Brace yourself…for video assistant referees (VAR), or a modified version of it, could form part of Formula 1’s plans to reform in 2022.

The clock is ticking on the FIA and Formula 1 to agree and implement changes on how the sport is to be governed and refereed in future following the hugely controversial title finale at the Abu Dhabi Grand Prix in December 2021.

Race director Michael Masi has come in for a huge amount of criticism for the way he managed the closing stages of the race following a late crash by Williams driver Nicholas Latifi.

Masi’s decision to only allow the lapped cars between race leader Lewis Hamilton and second-placed Max Verstappen to unlap themselves, plus his implementation of the Safety Car rules have put his future as race director in serious doubt.

Those decisions created a scenario where Verstappen, having pitted for fresh tyres, was able to hunt down Hamilton, who had completely dominated the race up until this crucial point, and win his first World Championship title on the very last lap.

Michael Masi is "likely" on his way out of the F1 race director role as part of a new race-management structure. https://t.co/fpjOdSP58u #F1 pic.twitter.com/scWCtS5P2M

— PlanetF1 (@Planet_F1) January 28, 2022

The FIA promised a full investigation into the season finale and their findings are due to be released on the eve of the 2022 Formula 1 season – March 18.

But, until that checkpoint, speculation over those findings and what new methods will be implemented are beginning to filter through the world of Formula 1.

One element that looks almost certain is the introduction of a new structure that will take all of the responsibilities of the race director and spread them out across multiple people rather than just one person being solely in charge.

And, according to German publication Motorsport-Magazin, that structure could include a central hub of video assistants that will help advise Race Control throughout a Formula 1 race week, much like a panel of officials do in football, feeding back and advising to the referees in the thick of the action.

 

Their report states: ‘The race management could grow in two dimensions. Up to now, race control has only worked directly at the track.

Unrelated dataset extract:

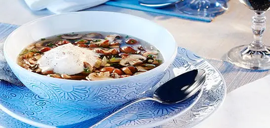 Vul kommen of borden met de soep. Garneer met het melkschuim en een beetje nootmuskaat.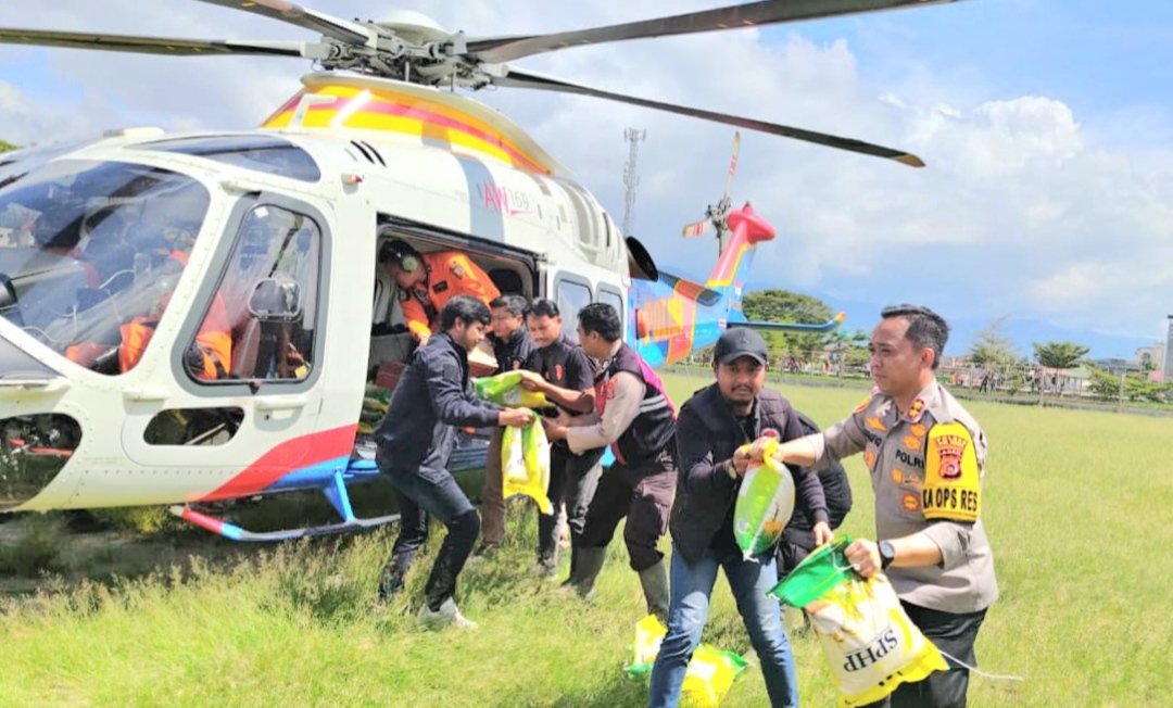 Takengon | Investigator. News- Bantuan kemanusiaan dari Kapolri untuk masyarakat Kabupaten Aceh Tengah tiba melalui Helikopter Polisi AW 169 yang mendarat di Lapangan Musara Alun, Desa Blang Kolak II, Kecamatan Bebesen, Sabtu siang (6/12/2025) pukul 12.00 WIB.

‘Teams, on the other hand, have so-called virtual garages in their factories.

‘The data from the racetrack flows into them in real time. Experts in the virtual garages support their teams from the factory.

‘A similar system is now also conceivable at the FIA.

‘While the race director on site takes care of the most important tasks in real time, a team in the background can check various scenarios and intervene in an emergency. Similar to a virtual referee in football.

‘The teams’ radio messages could then also be received there.

‘There will be no more radio chaos like in Abu Dhabi, where team bosses interfered in the race director’s decisions.’

There also seems to be general support in the paddock to stop broadcasting messages between the teams and the FIA, while the proposed ‘background team’ would help create a buffer zone to stop teams directly lobbying the race director – as we saw on many occasions throughout a crazy 2021 season.